Hyperhomocysteinemia is a medical condition characterized by an abnormally high level of homocysteine in the blood, conventionally described as above 15 μmol/L.

As a consequence of the biochemical reactions in which homocysteine is involved, deficiencies of
vitamin B6, folic acid (vitamin B9), and vitamin B12 can lead to high homocysteine levels. Other possible causes of hyperhomocysteinemia include genetics, excessive methionine intake, and other diseases. 

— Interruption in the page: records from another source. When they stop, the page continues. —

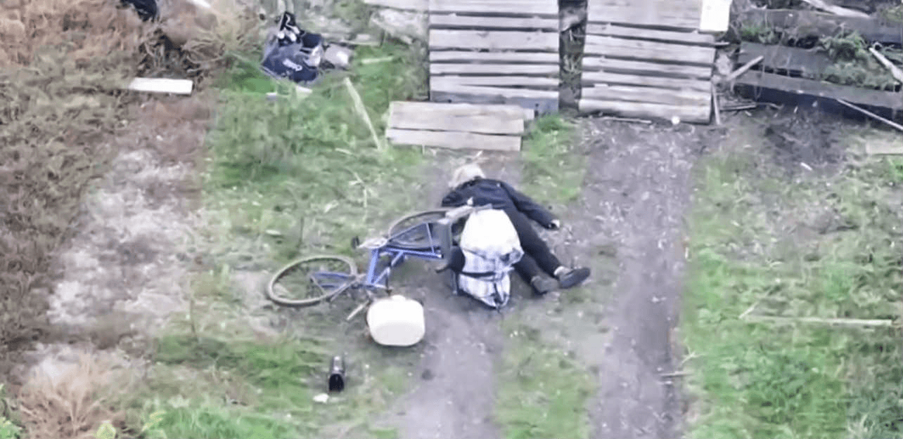 "Мы видим раненую женщину, которая двигалась от центра в направлении района Динас. У нее перебиты ноги. Я даже не представляю, сколько времени она там проведет. Неподалеку от женщины лежит дедушка. За ним мы видим еще одну женщину на велосипеде, которая тоже двигалась из центра, которую просто расстреляли в спину. И мужчина, судя по всему, он, сам того не осознавая, шел навстречу русской засаде, шел на смерть", — говорит Денис Христов.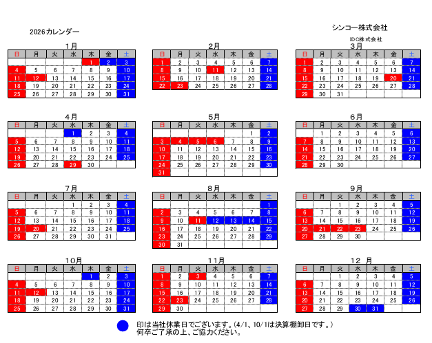 お知らせ2026年 営業日カレンダー発行しました2025.12.02 Post この記事のタイトルとURLをコピーする椅子資材のプロ、名古屋のシンコーのカレンダーです。 ダウンロードしてお使いください。 シンコーカレンダー2026 又、手帳に入るミニカレンダーがご希望の方は、担当営業までお申し付けください。 Post 師走 クリスマス 年末 在庫充実してお待ちしております。前の記事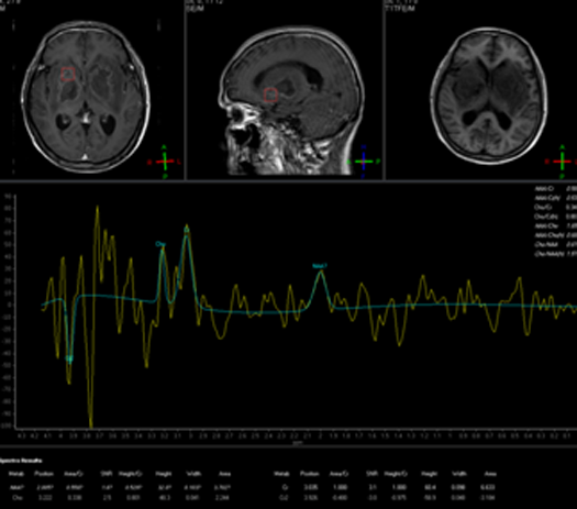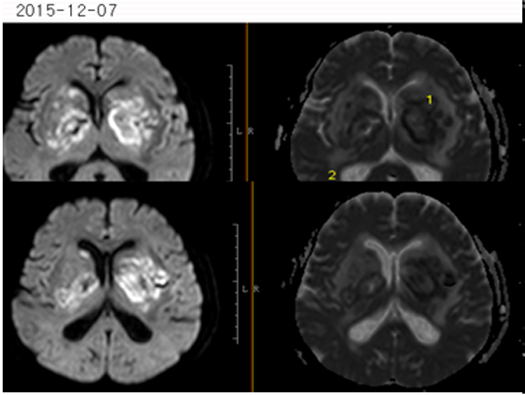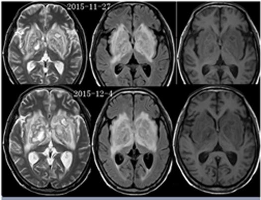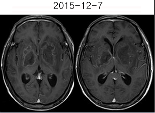 2015-11-27MR:双侧基底节区及双侧大脑脚示较对称片状异常信号, T1WI呈不匀低信号影,T2WI呈不匀高信号影,FLAIR序列呈不匀高信号,累及视交叉、视束及部分丘脑。2015-12-04复查:双侧基底节区及双侧大脑脚病灶范围较前稍增大。2015-12-07增强后病变呈多发环形薄壁或片状强化,DWI呈不均匀高信号。右侧基底节区病灶感兴趣区,可见Cho峰、NAA峰及Cr峰,Cho峰未见明显升高,Cho/Cr比值约为0.34,NAA/Cr比值约为0.56,Cho/NAA比值约0.61。综合平扫、增强、DWI、MRS所见,可排除肿瘤性病变,支持感染性病变(真菌或病毒感染可能性大)。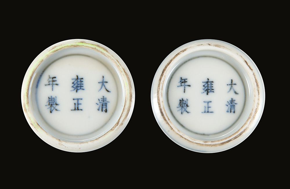 Coppia di coppette in porcellana doucai decorate con coppie di draghi, marchio apocrifo Yongzheng alla base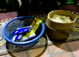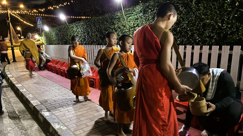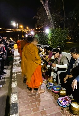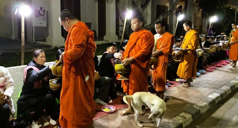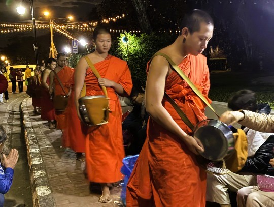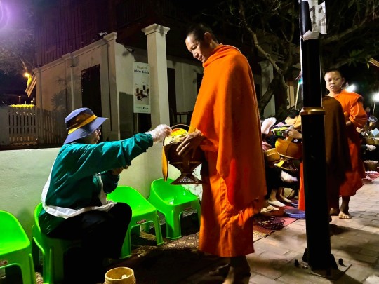 | 日の出前に喜捨用のもち米やお菓子を購入してストリートに並んでいる椅子に座って僧侶が来るのを待ちます。日の出前の暗い中、寺院からオレンジ色の袈裟を着た僧侶たちが大量に出てきます。僧侶たちがもっている袋に、お供え物を入れます。餅米は手で摘まんで入れます。観光客は使い捨て手袋をしていますが、地元の人は素手のようです。次々と僧侶が来るので結構忙しいです。 |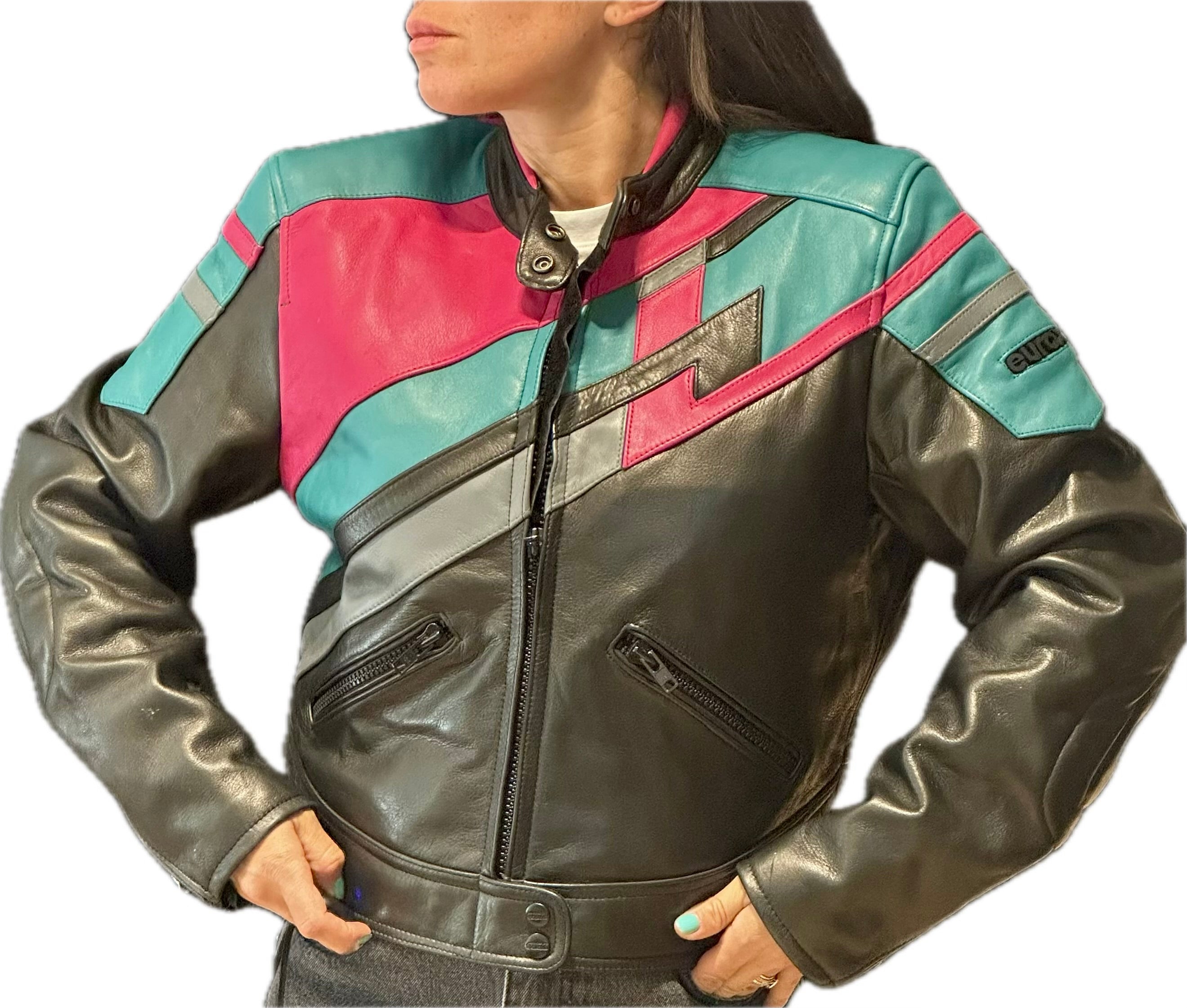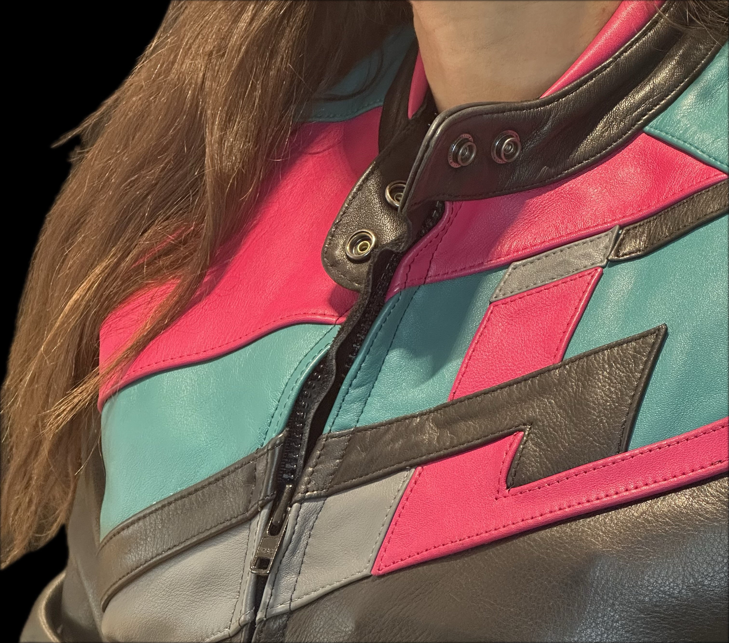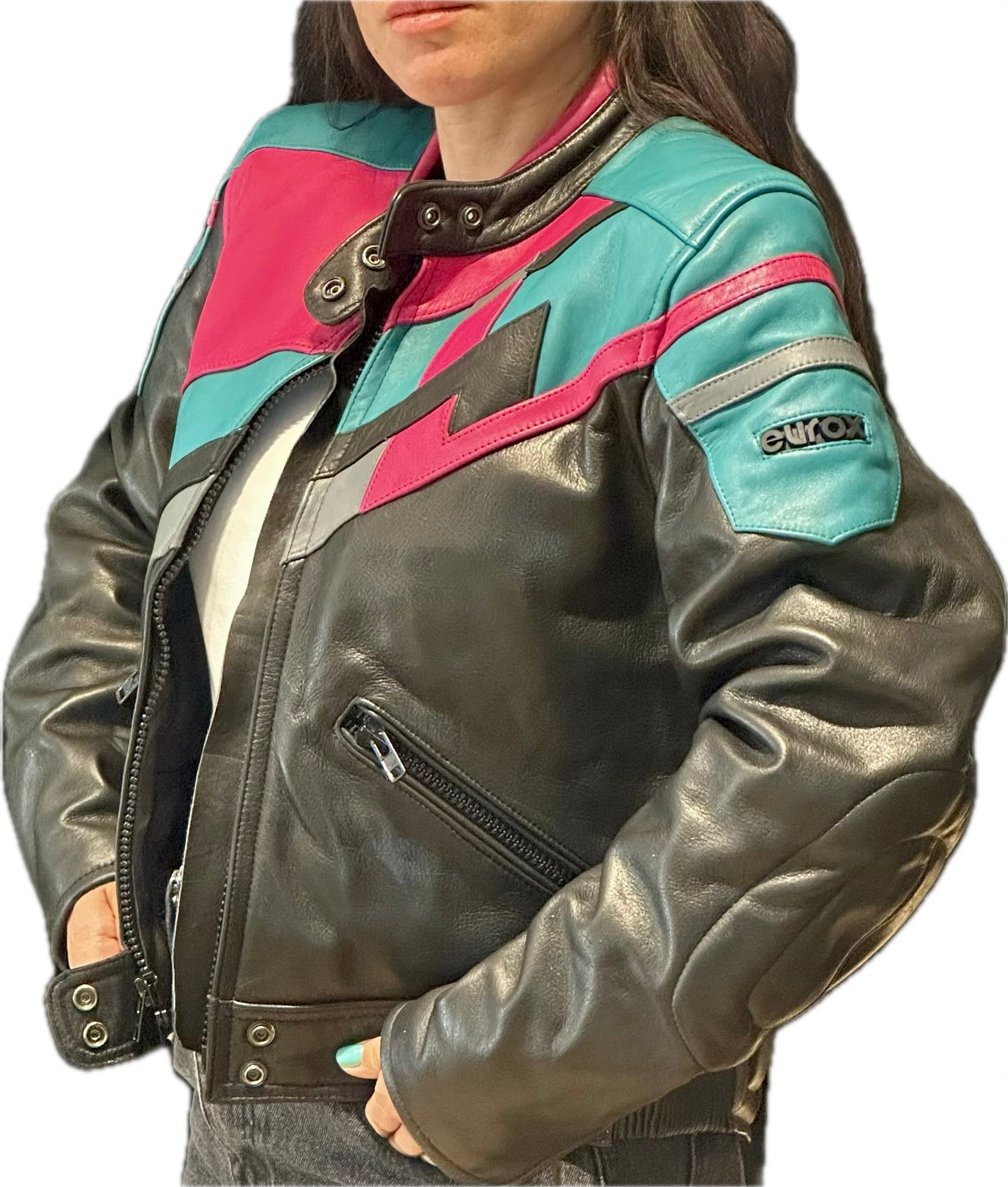 Confectionné dans un cuir noir d'une qualité exceptionnelle, ce blouson se distingue par ses empiècements géométriques vibrants de turquoise et de rose fuchsia. Ces touches de couleurs audacieuses contrastent magnifiquement avec le noir profond, créant un design dynamique et irrésistiblement rétro. Chaque détail de ce blouson est pensé pour captiver le regard, des lignes nettes aux finitions impeccables.

Hyperhomocysteinemia is typically managed with vitamin B6, vitamin B9 and vitamin B12 supplementation. Hyperhomocysteinemia is a risk factor for cardiovascular disease; however, supplements of these vitamins may not improve cardiovascular disease outcomes.

Signs and symptoms 
Elevated levels of homocysteine have been associated with a number of disease states.

Cardiovascular risks 
Elevated homocysteine is a known risk factor for cardiovascular disease as well as thrombosis. It has also been shown to be associated with microalbuminuria which is a strong indicator of the risk of future cardiovascular disease and renal dysfunction. Homocysteine degrades and inhibits the formation of the three main structural components of arteries: collagen, elastin and proteoglycans. In proteins, homocysteine permanently degrades cysteine disulfide bridges and lysine amino acid residues, affecting structure and function.

Neuropsychiatric illness 
Evidence exists linking elevated homocysteine levels with vascular dementia and Alzheimer's disease. There is also evidence that elevated homocysteine levels and low levels of vitamin B6 and B12 are risk factors for mild cognitive impairment and dementia. Oxidative stress induced by homocysteine may also play a role in schizophrenia.

Bone health 
Elevated levels of homocysteine have also been linked to increased fractures in elderly persons. Homocysteine auto-oxidizes and reacts with reactive oxygen intermediates, damaging endothelial cells and increasing the risk of thrombus formation.

Ectopia lentis 
Homocystinuria is the second most common cause of heritable ectopia lentis. Homocystinuria is an autosomal recessive metabolic disorder most often caused by a near absence of cystathionine b-synthetase. It is associated with intellectual disability, osteoporosis, chest deformities, and increased risk of thrombotic episodes. Lens dislocation occurs in 90% of patients, and is thought to be due to decreased zonular integrity due to the enzymatic defect. Lens dislocation in homocystinuria is usually bilateral and in 60% of cases occurs in the inferior or nasal direction.

Causes

Vitamin deficiency 
Deficiencies of vitamins B6, B9 and B12 can lead to high homocysteine levels. Vitamin B12 acts as a cofactor for the enzyme methionine synthase (which forms part of the S-adenosylmethionine (SAM) biosynthesis and regeneration cycle). Vitamin B12 deficiency prevents the 5-methyltetrahydrofolate (5-MTHF) form of folate from being converted into THF due to the "methyl trap". This disrupts the folate pathway and leads to an increase in homocysteine which damages cells (for example, damage to endothelial cells can result in increased risk of thrombosis).

Alcohol 
Chronic consumption of alcohol may also result in increased plasma levels of homocysteine.

Tobacco 
Smokeless tobacco is implicated as risk factor for hyperhomocysteinemia. Smoking also causes hyperhomocysteinemia

Genetic 
Homocysteine is a non-protein amino acid, synthesized from methionine and either recycled back into methionine or converted into cysteine with the aid of the B-group vitamins.
 About 50% of homocysteine  is converted back to methionine by remethylation via the methionine synthase major pathway.  This requires active folate and vitamin B12, in order to donate a methyl group. Active folate is known as 5-methyltetrahydrofolate (5-MTHF).
 Another pathway for the conversion of homocysteine back to methionine also exists, involving methylation with trimethylglycine (also called betaine or abbreviated to TMG) as a methyl donor.
 The remaining homocysteine is transsulfurated to cysteine, with vitamin B6 as the co-factor.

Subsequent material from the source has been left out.